Satu hal yang sangat kupahami adalah aku tidak pernah berhenti berharap. Masa bodoh bahwa pengharapan itu menyakitkan, bahwa aku memiliki kesadaran penuh terhadap kandasnya kisah ini di masa depan, yang aku yakin akan terjadi. Apa gunanya melawan perasaan bahagia bila itu bisa mengkompensasi apa yang terjadi sesudahnya, sebelumnya, atau periode-periode kosong penuh kebimbangan? Perlukah lagi penolakan atas rasa yang jelas-jelas menjalar ke seluruh saraf?

Aku ingin berpikiran selayaknya orang waras yang bisa berpikir jernih selamanya, tanpa irasionalitas yang hanya bisa ditimbulkan oleh cinta. Terlalu banyak spekulasi dan kesalahan yang menyakitkan, terlalu banyak ruang abu-abu yang tidak bisa ditembus akal sehat, terlalu banyak derai air mata maupun seringaian akibat tusukan ke-sekian. Mereka yang tidak bisa mencintai dan sanggup melawan segala bentuk penetrasi itu adalah orang-orang hebat dengan hati batu. Tapi mungkin hidup tidak akan sama lagi bagiku seandainya aku menjadi salah satu diantara mereka. Jadi buat apa mengeluh?

Karena aku lelah, tolol. Aku lelah atas fakta betapa sulitnya mencari pasangan sejati. Begitu banyak halangan yang timbul saat aku merasa telah menemukan orang yang tepat, padahal standar 'tepat' itu sendiri berubah-ubah seiring bertambahnya usiaku. Beda agama, beda umur, beda pendidikan, beda gaya hidup, beda ini, beda itu. Dan yang paling penting, ia tidak mencintaiku. Habis perkara.

3 comments:

{ Makudin } at: June 27, 2010 11:36 AM said...

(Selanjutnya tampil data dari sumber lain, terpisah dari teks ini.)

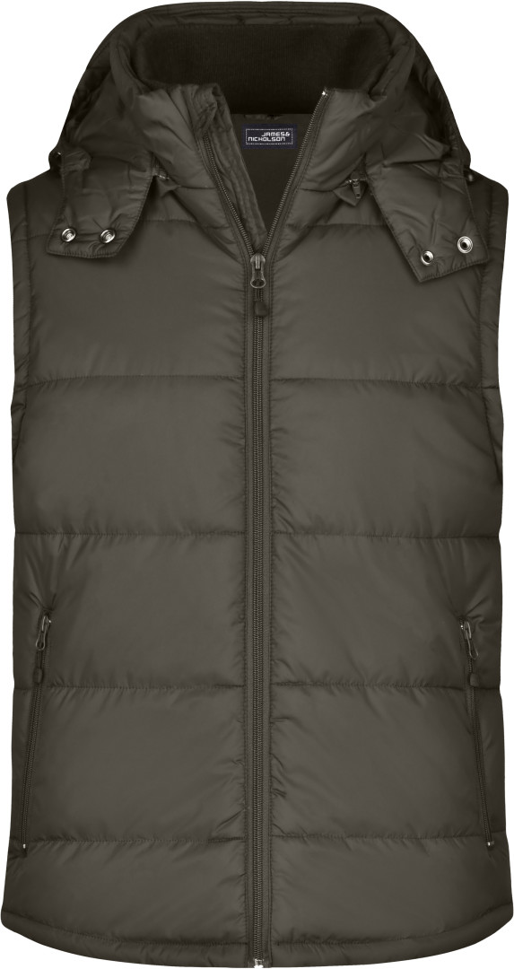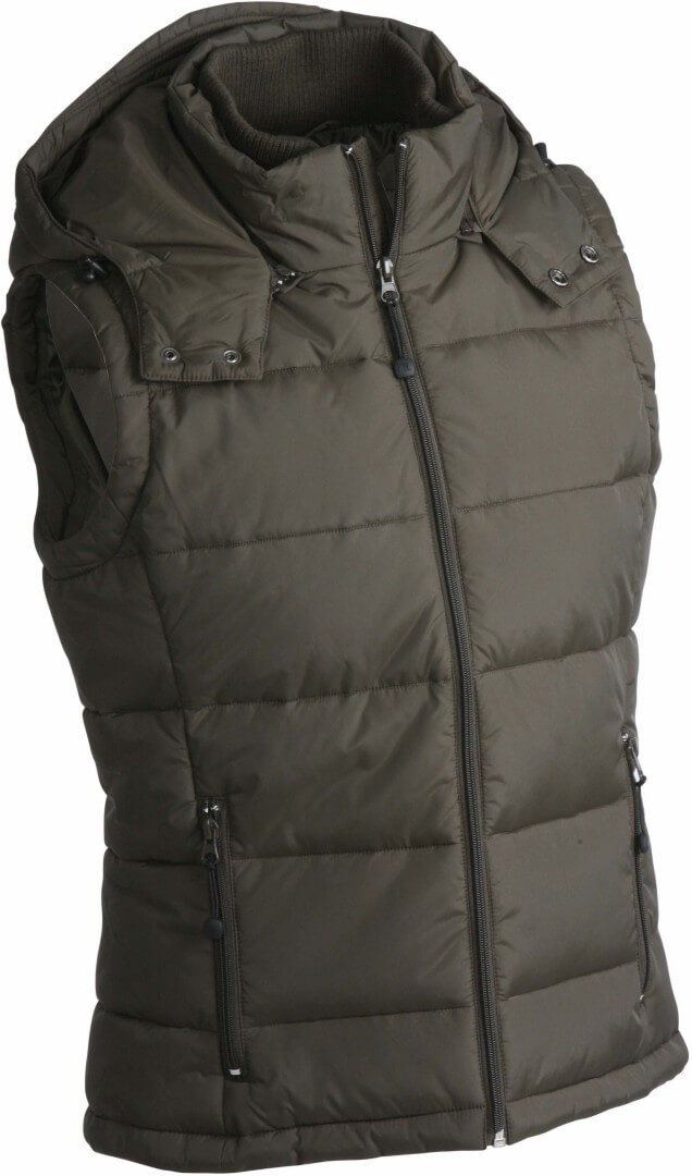 vonkajšia vrstva: 100% polyamid, prostredná vrstva: 100% polyester vesta matného vzhľadu, 2 predné vrecká, náprsné vrecko, vnútorné vrecko na mobil, odnímateľnú kapucňu a zips v podšívke, na leme a kapucni je sťahovacia šnúrka so zarážkami, z materiálu, ktorý je odolný voči vetru a vode (600mm)

ugh, sangat menusuk, sayang..

hmm..
he'll come.
just believe.
if you don't believe me, it's ok.
you just have to believe Allah.

semangaat, marsh!

*serasa saya sudah menikah saja, inii.. *_*
hheu, tapi itu yang saya percaya, marsh.. :)

{ Marsha } at: July 2, 2010 12:42 AM said...

Hehe, terimakasih maidiin.
Semoga orang itu cepet dateng ya. tapi semoga aku bisa mencintai Allah lebih daripada dia. :)

maidin udah ada rencana nikah yaa? ahaha :D

{ Makudin } at: July 4, 2010 6:30 PM said...

:)
iya marsh!
lebih bagusnya lagi, cinta kita ke dia itu membuat kita tambah tambah cinta sama Allah.